● What is expected
Could the data below be printed out exactly, with the pictures left out?

● Data
▬▬▬▬▬▬

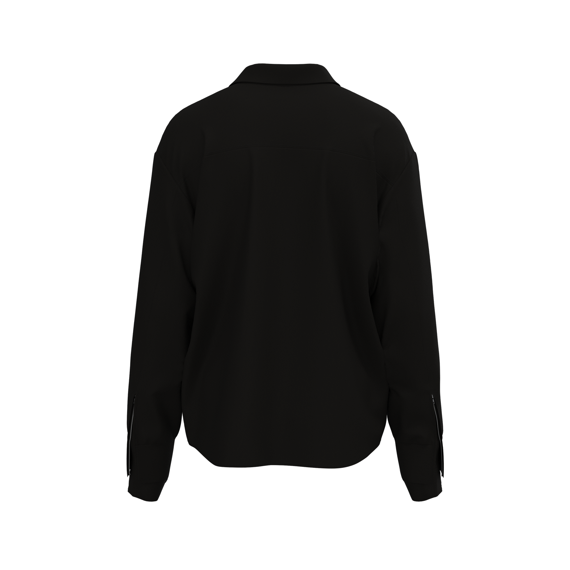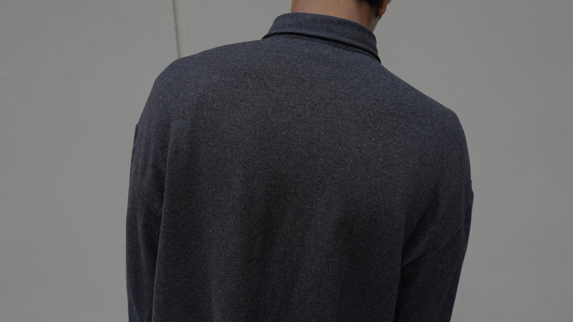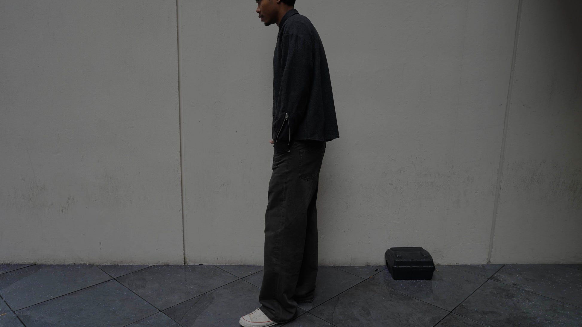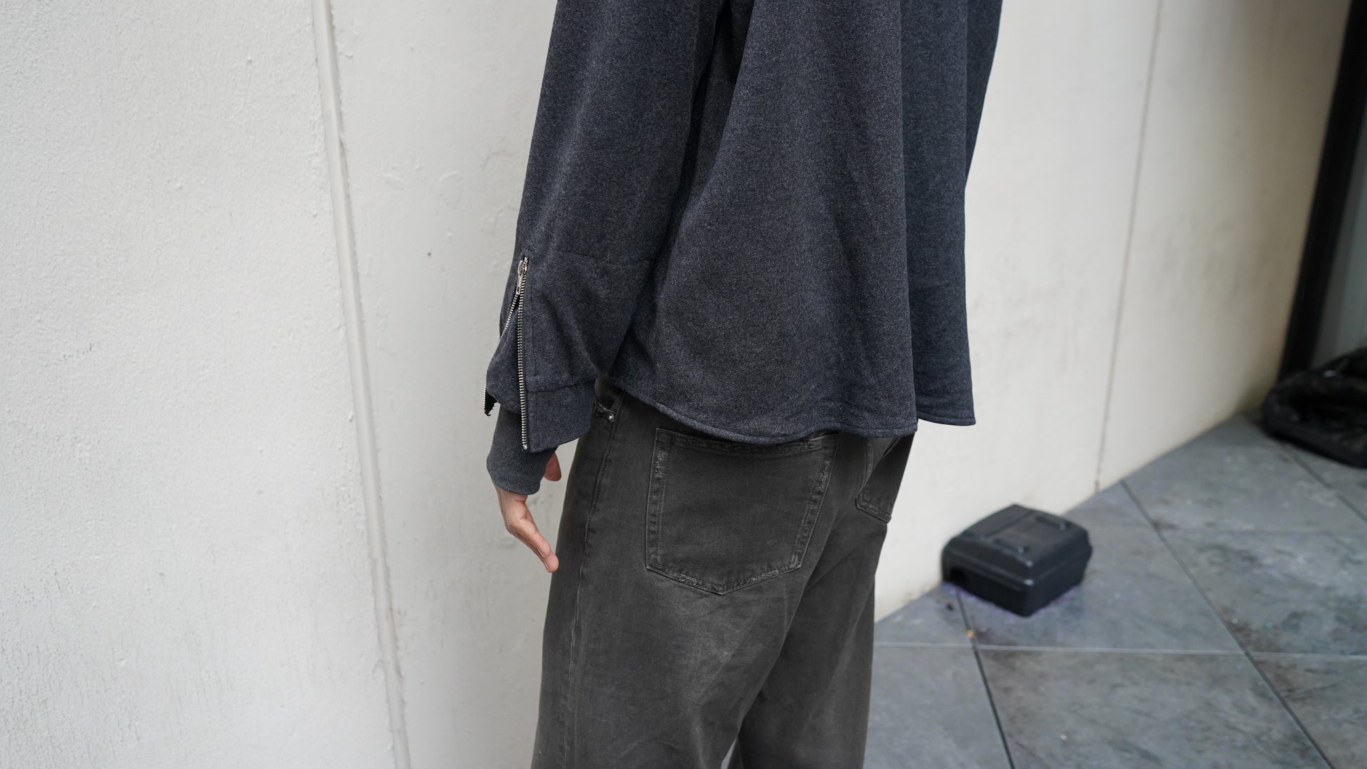 Crafted from 100% wool, balancing structure with natural warmth and fluid drape. Semi-translucent brown-black buttons, arm zippers, and rib-knit cuffs with thumb holes introduce quiet utility. Designed to feel lived-in yet deliberate, holding presence without excess.
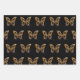 Papillon or sur feuilles de papier d'enveloppement arrière - plan noir
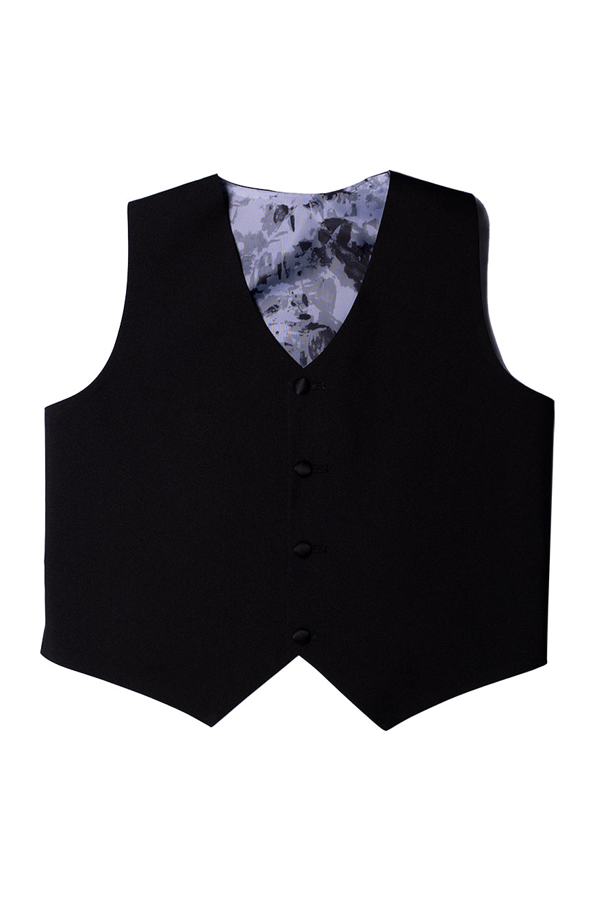 The "Prodigy" 5-Piece Tuxedo Set, designed by Little Tuxedos, is part of our Essentials Collection. At an attractive price point, the Essentials Collection is one of our best sellers! Available in both classic fit and husky fit, the Essentials will accommodate kids of different shapes & sizes. Kids also love to show off the interior blue abstract premium lining! An expandable waist feature, adjustable vest, and adjustable necktie provide additional comfort for your little one.
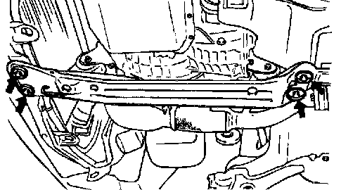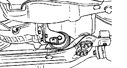 23. Remove the transaxle assembly lower mounting bolts with the transaxle assembly supported by a jack.

▬▬▬▬▬▬

● Output for this exercise
 Crafted from 100% wool, balancing structure with natural warmth and fluid drape. Semi-translucent brown-black buttons, arm zippers, and rib-knit cuffs with thumb holes introduce quiet utility. Designed to feel lived-in yet deliberate, holding presence without excess.
 Papillon or sur feuilles de papier d'enveloppement arrière - plan noir
 The "Prodigy" 5-Piece Tuxedo Set, designed by Little Tuxedos, is part of our Essentials Collection. At an attractive price point, the Essentials Collection is one of our best sellers! Available in both classic fit and husky fit, the Essentials will accommodate kids of different shapes & sizes. Kids also love to show off the interior blue abstract premium lining! An expandable waist feature, adjustable vest, and adjustable necktie provide additional comfort for your little one.
 23. Remove the transaxle assembly lower mounting bolts with the transaxle assembly supported by a jack.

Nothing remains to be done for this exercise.